- Required action:
Of the records that follow, copy only the lines from the line containing "男性向けラノベタイトル風あだ名 | 『おまえをオタクにしてやるから、俺をたいきせんぱいにしてくれ! 』 |" to the line containing "仪式上,郭占力、申建平、孙晓", both included, exactly as written.

** Provided information follows **

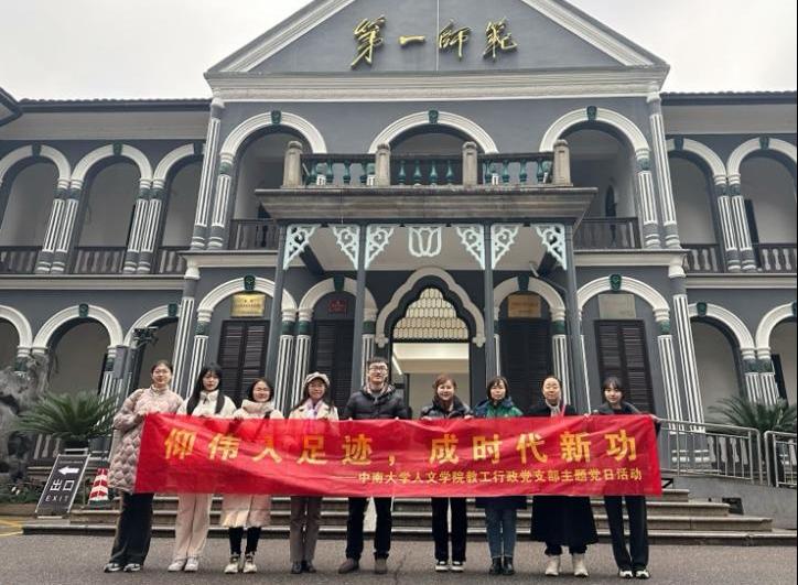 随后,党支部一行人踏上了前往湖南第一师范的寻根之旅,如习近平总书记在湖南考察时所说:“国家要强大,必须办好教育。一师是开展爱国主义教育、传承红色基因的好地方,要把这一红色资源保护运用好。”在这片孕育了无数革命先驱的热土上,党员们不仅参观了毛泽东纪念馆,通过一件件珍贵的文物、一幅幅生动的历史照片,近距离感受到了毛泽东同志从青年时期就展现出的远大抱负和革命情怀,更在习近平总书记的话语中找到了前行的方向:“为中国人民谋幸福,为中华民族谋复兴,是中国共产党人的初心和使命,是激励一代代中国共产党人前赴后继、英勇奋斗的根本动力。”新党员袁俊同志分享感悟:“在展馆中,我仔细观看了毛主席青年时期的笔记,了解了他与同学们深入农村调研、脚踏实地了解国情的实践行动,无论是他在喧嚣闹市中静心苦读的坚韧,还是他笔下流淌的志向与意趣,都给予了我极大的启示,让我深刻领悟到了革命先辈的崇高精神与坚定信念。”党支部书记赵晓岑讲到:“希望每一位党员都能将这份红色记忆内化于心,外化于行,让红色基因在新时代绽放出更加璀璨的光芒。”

** End of Provided information **
** Provided information follows **

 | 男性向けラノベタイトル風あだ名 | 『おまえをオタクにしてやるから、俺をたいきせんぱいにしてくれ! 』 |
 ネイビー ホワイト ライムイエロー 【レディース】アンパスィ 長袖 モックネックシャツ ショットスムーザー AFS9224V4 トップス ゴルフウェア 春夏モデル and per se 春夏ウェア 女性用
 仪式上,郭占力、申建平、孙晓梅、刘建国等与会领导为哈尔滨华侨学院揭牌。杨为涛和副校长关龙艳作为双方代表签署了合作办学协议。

** End of Provided information **

- Task answer:
 | 男性向けラノベタイトル風あだ名 | 『おまえをオタクにしてやるから、俺をたいきせんぱいにしてくれ! 』 |
 ネイビー ホワイト ライムイエロー 【レディース】アンパスィ 長袖 モックネックシャツ ショットスムーザー AFS9224V4 トップス ゴルフウェア 春夏モデル and per se 春夏ウェア 女性用
 仪式上,郭占力、申建平、孙晓梅、刘建国等与会领导为哈尔滨华侨学院揭牌。杨为涛和副校长关龙艳作为双方代表签署了合作办学协议。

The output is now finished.